Leucocoprinus fibrillosus

Scientific classification
- Kingdom: Fungi
- Division: Basidiomycota
- Class: Agaricomycetes
- Order: Agaricales
- Family: Agaricaceae
- Genus: Leucocoprinus
- Species: L. fibrillosus
- Binomial name: Leucocoprinus fibrillosus Raithelh. (1988)

= Leucocoprinus fibrillosus =

- Authority: Raithelh. (1988)

Species of fungus

Leucocoprinus fibrillosus is a species of mushroom producing fungus in the family Agaricaceae.

== Taxonomy ==
It was first described in 1988 by the mycologist Jörg Raithelhuber who classified it as Leucocoprinus fibrillosus.

== Description ==
Leucocoprinus fibrillosus is a small dapperling mushroom. Raithelhuber described the species from a dried specimen deposited in the Herbarium Anchieta - Fungi Rickiani in Brasil. The specimen had been deposited in 1943 by Johannes Rick who had identified it as Lepiota erythrella and provided an accompanying description of the fresh mushroom. Raithelhuber also examined two similar specimens from the herbarium at the University of Buenos Aires which he identified as Leucoagaricus erythrellus and Lepiota lanoso-farinosa.

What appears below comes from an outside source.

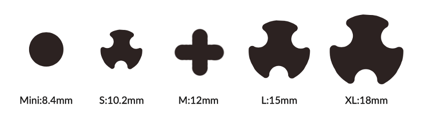 En el pasado, NEOMedia se vendía en dos tallas, M y L, pero desde Septiembre de 2022 ha pasado a ofrecerse en cinco tallas diferentes, Mini, S, M, L y XL con las formas y tamaños de la imagen inferior:

Cap: 5-10cm wide, starting campanulate (bell shaped) before becoming hemispherical with a slight umbo and moderately thick flesh. The surface is smooth and pinkish-orange with radial fissures or wrinkles (rimose) and scales (subsquamous). Stem: 5-10cm long with a thickened base. The surface is white and it is cylindrical and hollow. The stem ring is movable or nearly movable. Gills: White. No other description is provided besides that the gill edges are entire (integrae). Spores: Ovoid to elliptical or subamygdaliform, thin walled and smooth without a germ pore. 7.3-8.4 x 3.5-4.5 μm. The spores are hyaline but the colour in Melzer's reagent is not made clear in the description with Raithelhuber describing them as 'not or slightly amyloid or pseudoamyloid' in the Latin diagnosis and 'at most weakly dextrinoid' in German.

The colouration of this mushroom is described as very variable presenting with reddening, bluing or green discolouration. However it is not noted specifically where this discolouration takes place so it may apply to the whole mushroom. Raithelhuber classified this mushroom as a Leucocoprinus species based on the campanulate, wrinkled cap and the discolouration but noted that the spores of Leucocoprinus species typically have a germ pore whilst this specimen was missing one. However Leucocoprinus are typically striated rather than wrinkled as described and this discolouration does not sound typical for them so the placement of this specimen in Leucocoprinus seems strange and it may simply not have been reclassified yet.

== Etymology ==
The specific epithet fibrillosus is Latin for fibrous. Raithelhuber stated that the description largely agreed with Carlo Luigi Spegazzini's 1899 description of Lepiota erythrella var. fibrillosa so that name was retained.

== Habitat and distribution ==
The specimens studied by Raithelhuber were found in the woods near São Salvador, Brazil in 1943.